One day, Kip is searching the garden and he finds a large and complicated bomb with wires running through the grass and attached to a tree. He needs Hana's help to hold one of the wires while he tries to figure out which one to cut. He succeeds in neutralizing the bomb, but it has been particularly difficult and he is shaking. Hana tells him that she is not afraid of death, and that she just wishes she could curl up in his arms and feel safe here on the grass. While they are curled up and Hana is sleeping, Kip feels preoccupied. He knows that his brown skin will always make him a foreigner, unable to let his guard down and have real human contact.

That night, the four have a party in the English patient's room. Caravaggio has found a gramophone and he puts on music to dance with Hana. While they celebrate, Kip hears an explosion. He lies and tells them that it was not the explosion of a mine, but when he gets a chance, he runs down to the site of the explosion. He locates the dead and buries his second-in-command, Hardy. Kip is reminded of how dangerous his job is and is angered that Hana had treated her own life so casually that morning. He returns to the villa and finds Hana sitting by the side of the patient's bed, his hearing aid turned up to its highest volume. Kip thinks that he will be sane if he can just touch Hana. He cuts the wire of the patient's hearing aid, promising to rewire it in the morning, and touches Hana's shoulder.

The next morning, Hana, Kip, and Caravaggio are talking outside. Caravaggio wonders if it is possible for a person to be in love with someone who is not any smarter than that person. He is frustrated with Hana because she is so in love with her English patient that she refuses to do the reasonable thing and leave Italy to save herself. Caravaggio says that she and Kip should get out of this dangerous place and go off and have babies together. Hana begins to feel uncomfortable in the company of the three men now that physical attraction is palpably present. All she would like to do is lay with Kip and have him protect her.

At night, Hana sneaks across the garden into Kip's tent and they become lovers. She is very attracted to him and to the dark color of his skin. She knows that neither of them is beholden to the other. It is merely their choice to be together for the moment. Hana becomes annoyed sometimes at Kip's self- sufficiency, the way he is able to shut out the world around him. Nonetheless, she enjoys spending the night with him, lying under his protection.

Analysis

In Chapter III, Ondaatje explores the nature of love and shows how it can surface even in the middle of war. Caravaggio charges that Hana is in love with the English patient, reasoning that she is drawn to the patient because he is so smart and mysterious.
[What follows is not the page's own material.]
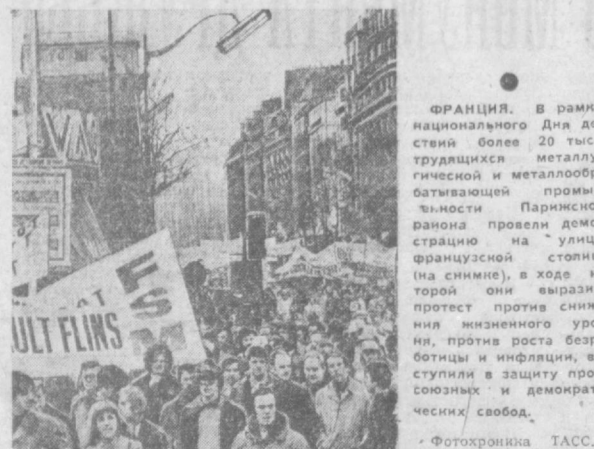
СО ВСЕХ КОНЦОВ ПЛАНЕТЫ

What Caravaggio does not see is that Hana needs the patient as much as he needs her. Although it seems that the patient ties Hana to an unsafe place, she sees him as freeing her from the awful horrors of war. She feels she can once again become emotionally attached to someone, and that she can finally let down her guard.

The love Hana feels for Kip is of a different kind. Kip becomes her protector, a strong, healthy male figure to save her from dangers. Ondaatje writes that when Hana is with Kip, she feels "her tongue instead of a swab, her tooth instead of a needle, her mouth instead of the mask with the codeine drops to make him sleep." To Kip, Hana is not a nurse, but a woman, and this withdrawal from her professional duty is refreshing to her. Kip, on the other hand, finds in Hana a link to sanity, someone who is young and alive. Facing death every day, Kip is forced to come to grips with is own mortality, yet Hana links him to life. The love that emerges, therefore, is one based on mutual needs and the search for fulfillment of those needs during the stress of wartime.